Случайный папа — страница 38 из 59

– Она просто быстро сдалась. Я тебе такой поблажки не сделаю. – Разжав ее ладонь, возвращаю ее шпильки и привет из Тибета. – Однажды ты тоже поймешь, что у судьбы нет причины без причины сводить посторонних.

Я не вижу ее, но чувствую, как она улыбается. Не верит. Я тоже долго не верил. У нее такого длинного срока для сомнений не будет.

Из моей машины доносится трель смартфона – кто-то надрывается, долго. И вместе с этими звуками возвращается и реальность. Моросящий дождь, прохлада вечера, то, что она не одета для долгих прогулок в такую погоду. И обувь.
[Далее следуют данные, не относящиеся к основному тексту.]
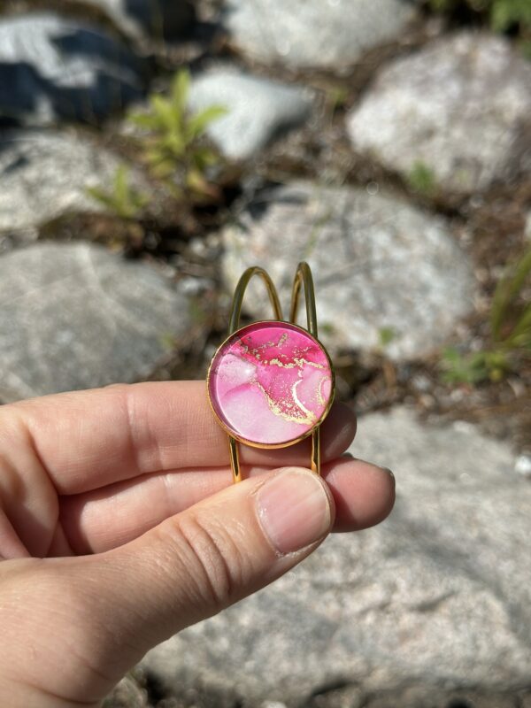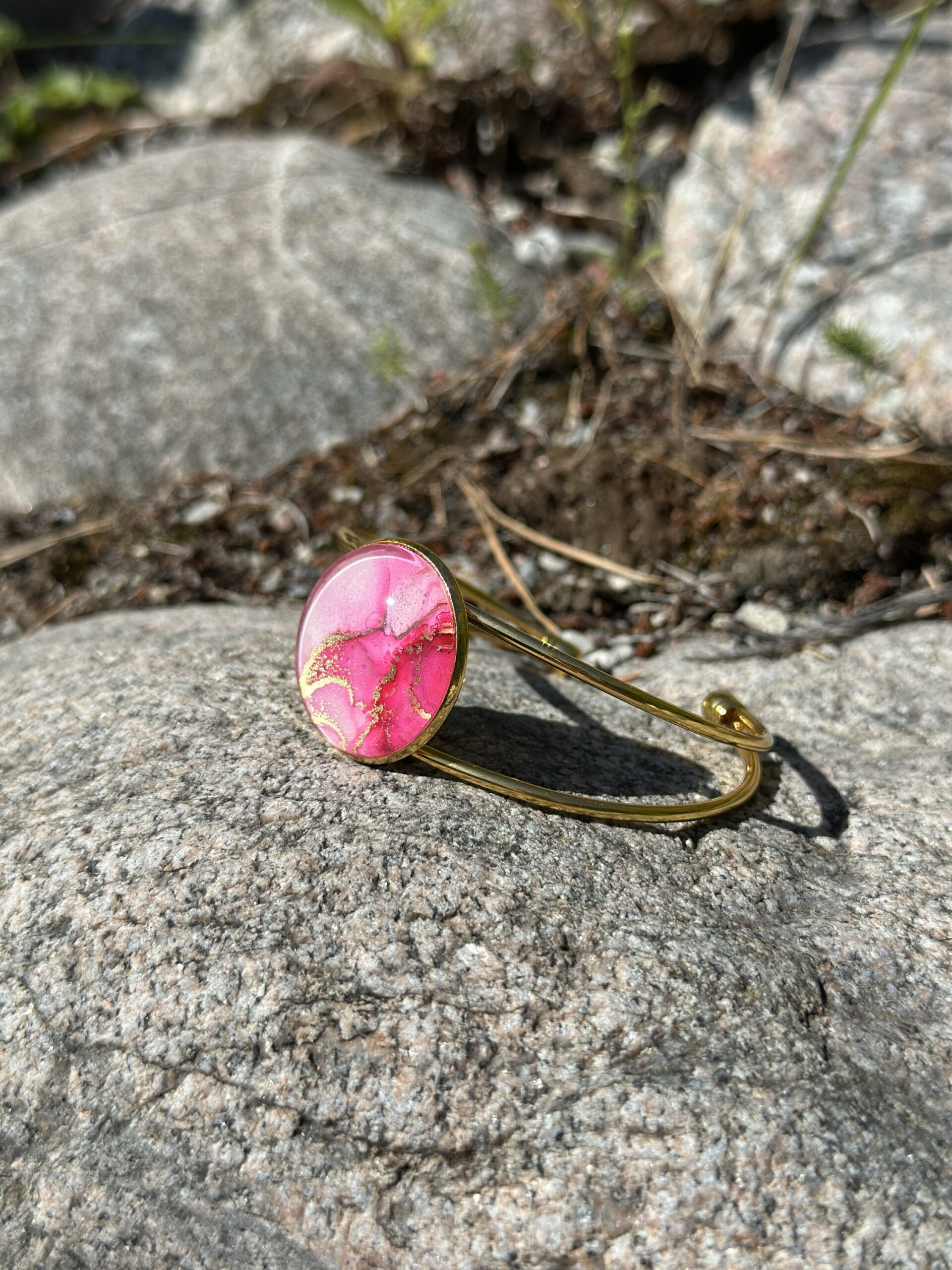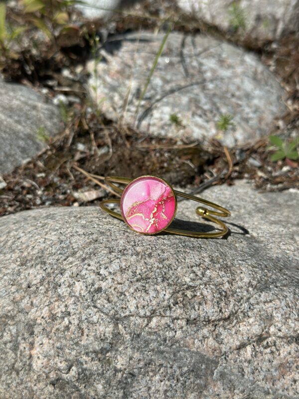 Armband i rostfritt stål, guldfärgad, med 25 mm infattning. Handmålad i alcohol ink vilket gör varje smycke får sin unika färg och mönster.

Смешная обувь, которую она обула, потому что торопилась ко мне.

– Иди, режь торт и возвращай кроссовки Егору, а то он никуда не уйдет.

Ловлю ее смех своими губами.

И отпускаю.

Пока – отпускаю.

Нырнув в машину, достаю банку с чаем. На смартфоне пропущенный вызов от Студента и сообщение:

 «Торт уже настоялся. А я насмотрелся. Можно пожрать? А то скоро полночь, а для моей талии жрать за полночь – плохая примета!»

– Если захочешь, чтобы он ушел побыстрее, завари ему чай.

Она уходит.

Сомневаюсь, что она так и сделает. Пожалеет прохвоста. Да и подругу не заставит страдать.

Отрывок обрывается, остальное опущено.